Шел к дому наместника покачиваясь, словно пьяный, прижимал ладонь к боку, словно без этого печать могла ускользнуть. Мыслей не было. Виновен. Если признаться, умрет… такой смертью, что не пожелать и врагу. Если не признаваться… может, и не узнают ничего. Если повезет. Если дойдет до дома и положит печать на место. Всего-то час прошел, не больше.
А что за бумаги там были… господин умнее мальчишки-актера, он все ловушки преодолел. И сейчас разберется… только Айхо даже намекнуть нельзя на какие-то непонятные письма. Вот как за все хорошее отплатил. А сказать… страшно. Шел, ноги заплетались. Долго шел.

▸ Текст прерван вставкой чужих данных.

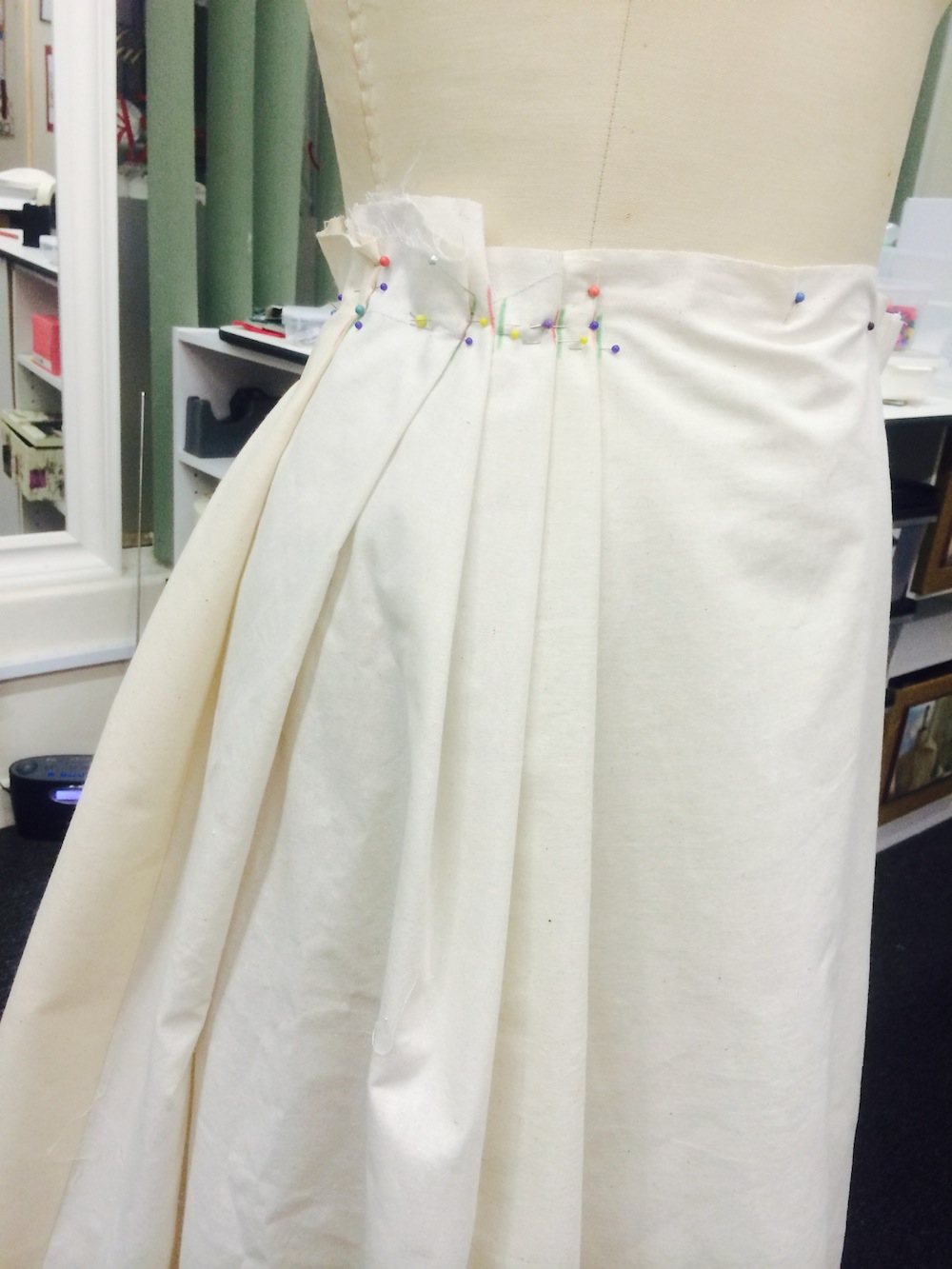 We then slashed each of the three skirt panels down the centre and along the grain line, adding in additional strips of calico to widen. We pinned and pleated on a mannequin, then we stood back to admire:

Наконец Айхо оказался подле ворот.
И не видел, что за ним следом скользнула тень, проводила до самой террасы дома.
К тайнику сумел пройти без помех — любимца Йири всюду пропускали, даже в личные покои господина. И там, у стены, не выдержал — подкосились колени, Айхо съежился на полу. Показалось — шаги приближаются, легкие.
Поднялся, спрятал печать — перед глазами пятна радужные и хотелось завыть: вот-вот не сдержится. Чуть не молился уже — да приди же, скажи, что все знаешь — и отпираться не стану, признателен буду до конца дней за то, что избавил от этой ноши!
Скоро и в самом деле появился наместник, удивленно воззрился на актера.
— Что с тобой? Почему ты здесь и в таком виде?
Айхо ему впервые солгал. И в глаза при этом смотрел.
Йири поверил — а с чего бы не верить?
И разрешил уйти.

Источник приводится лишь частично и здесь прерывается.